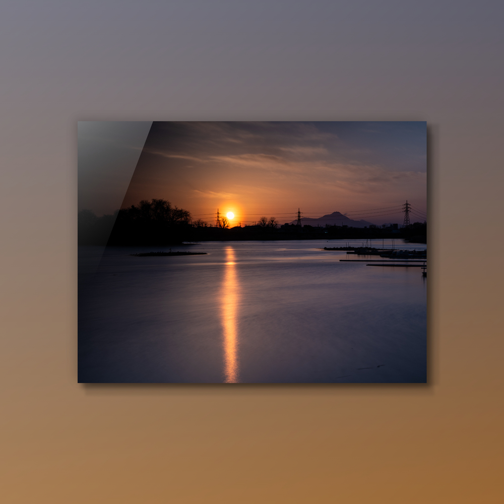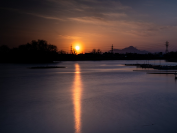 Title:湖面に伸びる夕陽
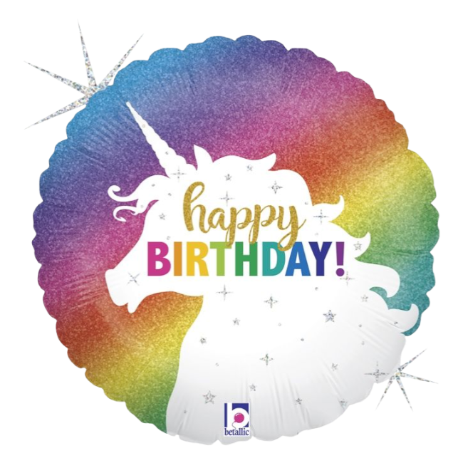 This enchanting 18-inch “Happy Birthday” foil balloon features a shimmering rainbow gradient backdrop highlighted by a graceful unicorn silhouette, sparkling star accents, and vibrant multicolour lettering, creating a look that feels both magical and joyful. Perfect for themed party décor, whimsical backdrop styling, and memorable birthday photos, it brings a bright sense of wonder and celebration to any special occasion.
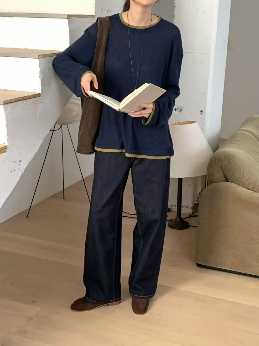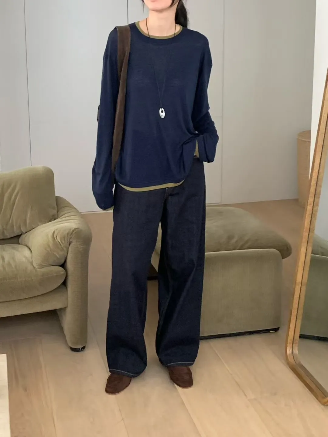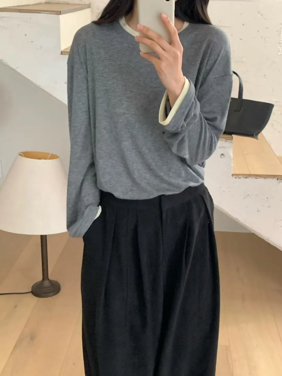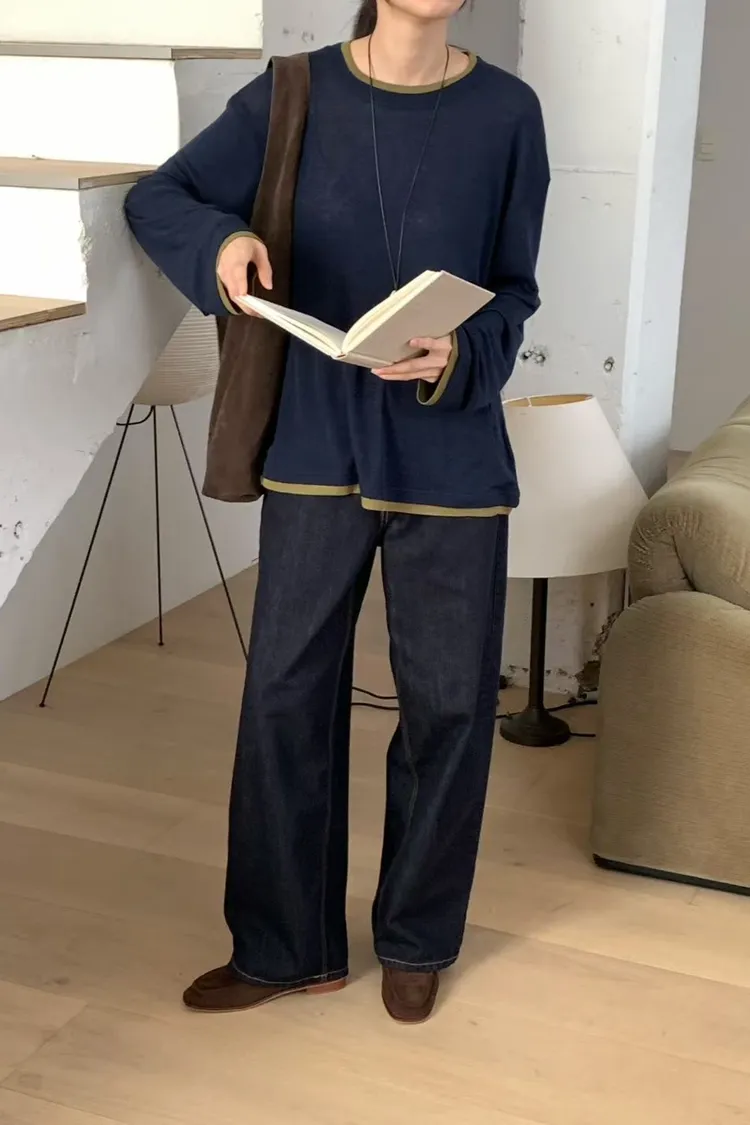 N67店長大推!韓妞層次穿搭假二件天絲羊毛長T
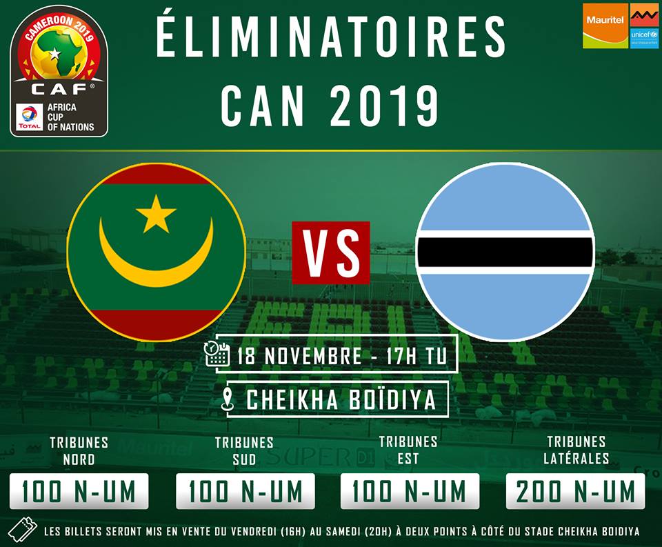 الأخبار (نواكشوط) أعلنت الاتحادية الموريتانية لكرة القدم بدء بيع تذاكر مباراة المنتخب الوطني مع بوتسوانا، اليوم الجمعة وغدا السبت في نقطتين أمام ملعب شيخا بيديا.
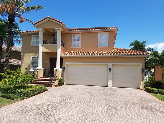 Gorgeous 4 bedroom, 2 story located in the exclusive waterfront community of Symphony Isles. The massive 2 story screen cage covers the pool, spa, lanai and observation deck overlooking your private dock with 10,000 lb lift. Room for a second lift to be added and dock just updated with Trex decking. Outdoor living space includes sitting area with a tv and a pool bath with outdoor shower. Kitchen features stainless steel appliances and bar/island. Master includes 2 walk-in closets with built-ins and a balcony overlooking the water. Master bath with dual sinks, garden tub and large multi-head shower. Family room with plenty of built ins and a window seat. Office/study overlooking canal on 2nd floor. The entire home features crown molding and plantation shutters. 3 car garage with tandem 4th bay. Sail into the sunset from your own backyard.
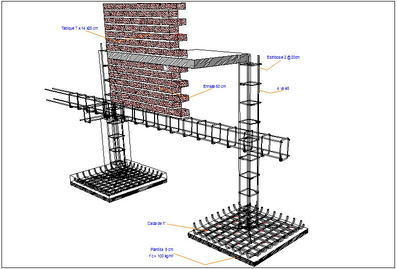 Isometric view of structural design of shoe wall dwg file in isometric view with partition view with wall and column and beam structural view in isometric view with
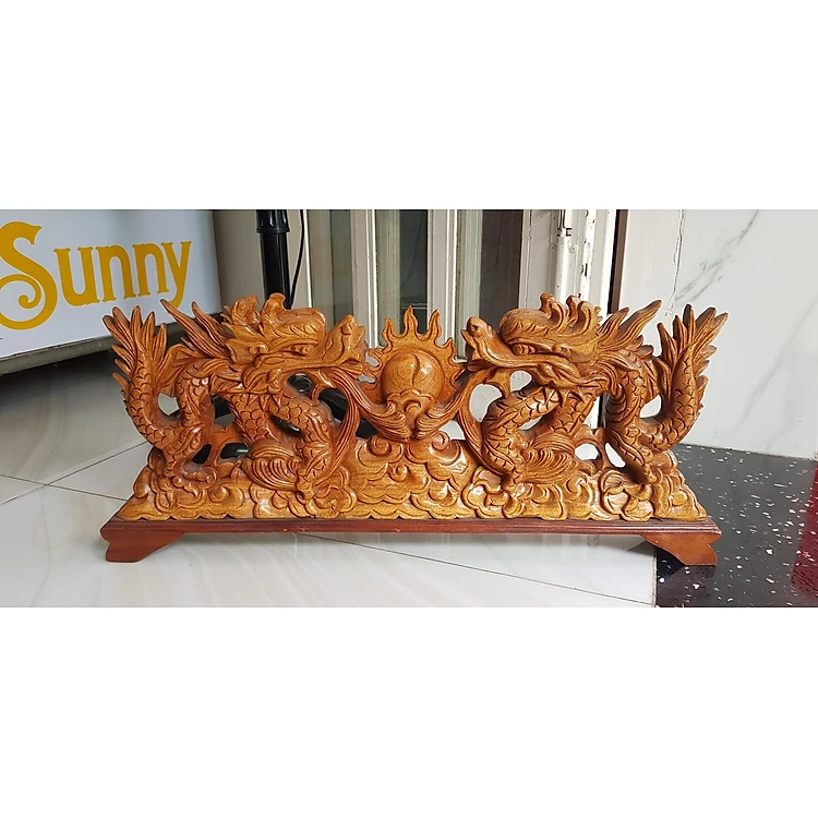 Tượng 2 Con Rồng Lượn Gỗ Gõ màu đỏ size Dài 64cm x Cao 17cm x Sâu 7cm 2 con rồng lượn phun lửa biểu tượng cho sức mạnh của người đứng đầu người lãnh đạo công ty, người chủ trong gia đình thật trưng phòng khách , bàn làm việc to quà tặng ý nghĩa ạ
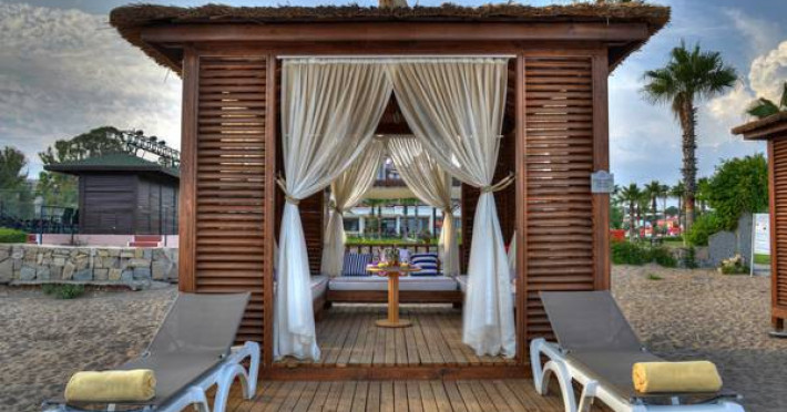 Hotelul este situat la 30 km de aeroportul Antalya, la 40 km de centrul orasului Antalya, la 6 km de localitatea Kadriye, pe malul marii. Construit in anul 1995, suprafata totala - 94 240 mp, ultima renovare a avut loc in anul 2012.
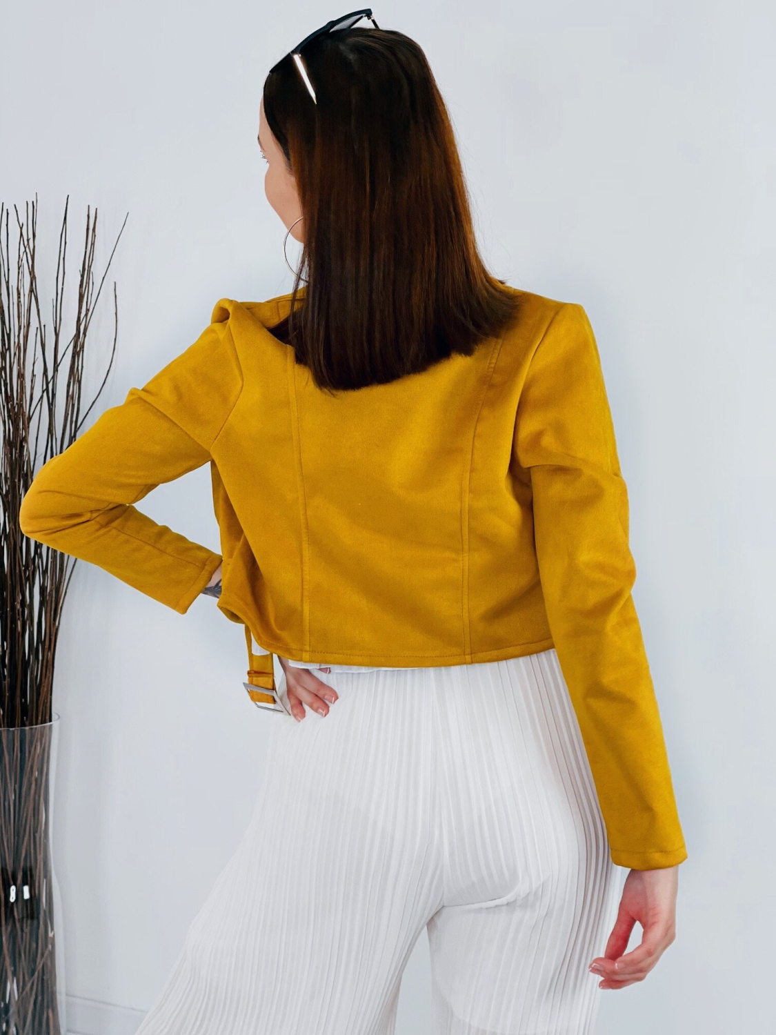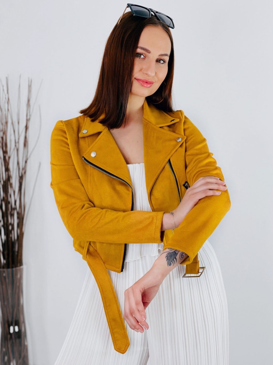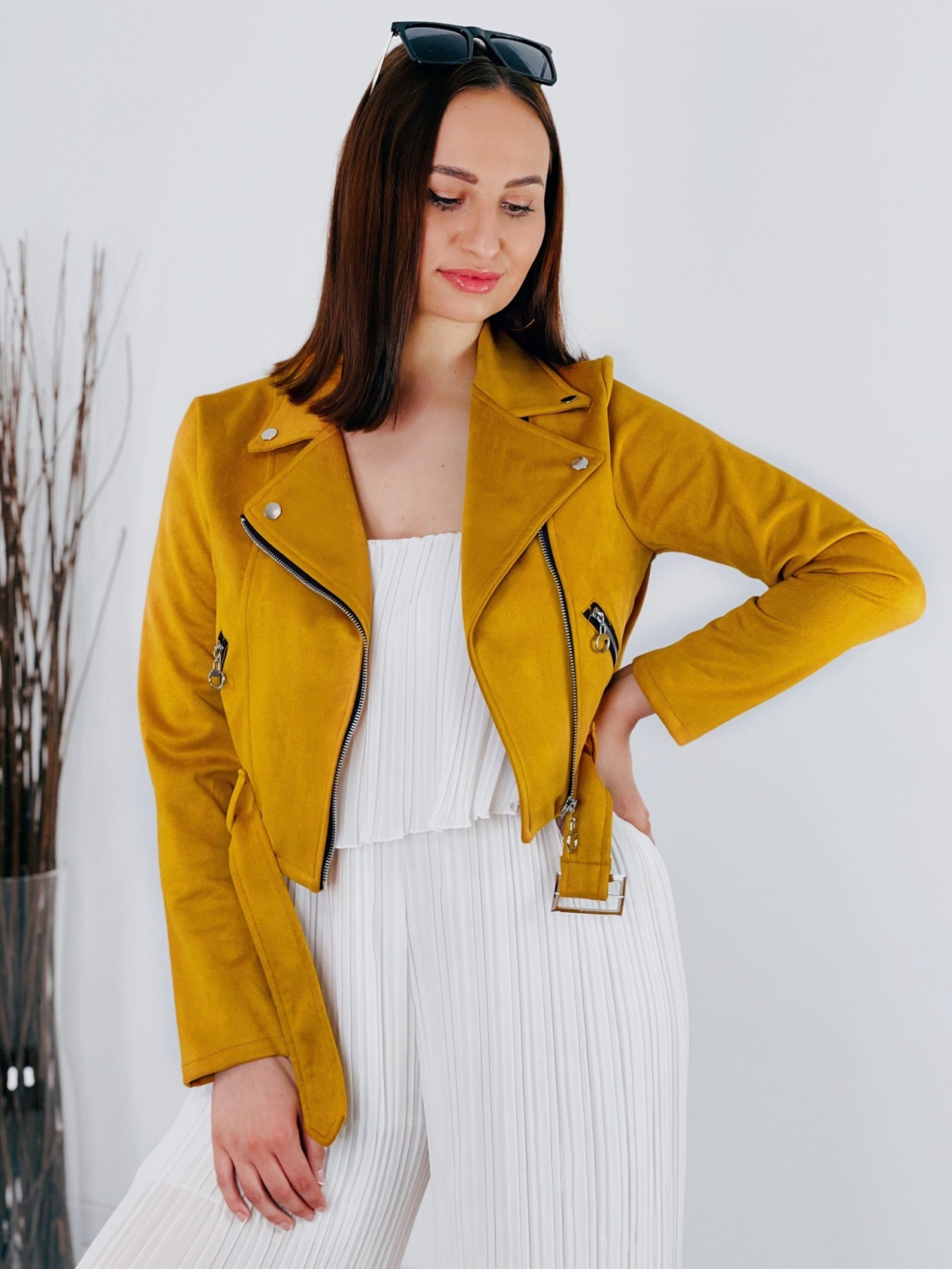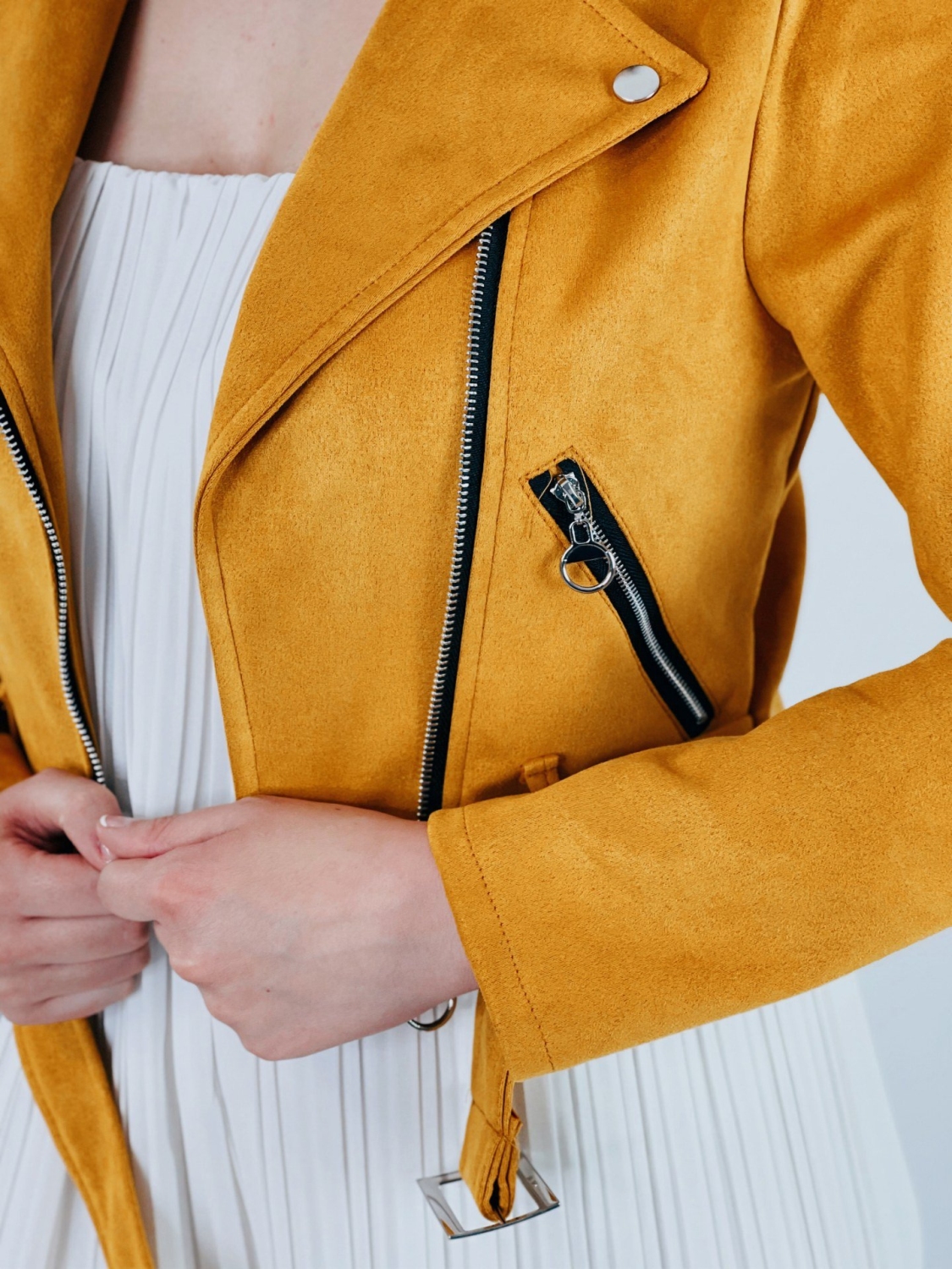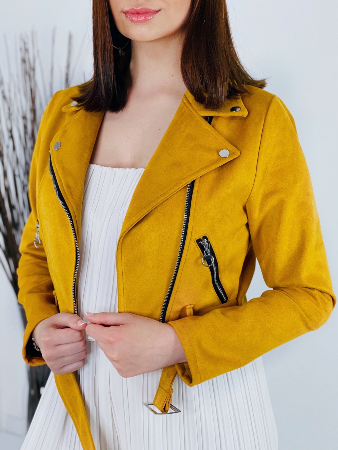 Dámska žltá semišová koženka do pása s opaskom z príjemného elastického materiálu. Univerzálny kúsok, ktorý sa hodí k rifliam, ale aj šatám. Bunda je na zapínanie na zips. Perfektne prispôsobí a zahreje v prechodnom počasí. Bunda, ktorá je stále top módnym hitom.

▬▬▬▬▬▬

Problem requirements: Output exactly the lines above that lie between the line with "This enchanting 18-inch" and the line with "الأخبار (نواكشوط) أعلنت", those two lines included, and no pictures.

Task response:
 This enchanting 18-inch “Happy Birthday” foil balloon features a shimmering rainbow gradient backdrop highlighted by a graceful unicorn silhouette, sparkling star accents, and vibrant multicolour lettering, creating a look that feels both magical and joyful. Perfect for themed party décor, whimsical backdrop styling, and memorable birthday photos, it brings a bright sense of wonder and celebration to any special occasion.
 N67店長大推!韓妞層次穿搭假二件天絲羊毛長T
 الأخبار (نواكشوط) أعلنت الاتحادية الموريتانية لكرة القدم بدء بيع تذاكر مباراة المنتخب الوطني مع بوتسوانا، اليوم الجمعة وغدا السبت في نقطتين أمام ملعب شيخا بيديا.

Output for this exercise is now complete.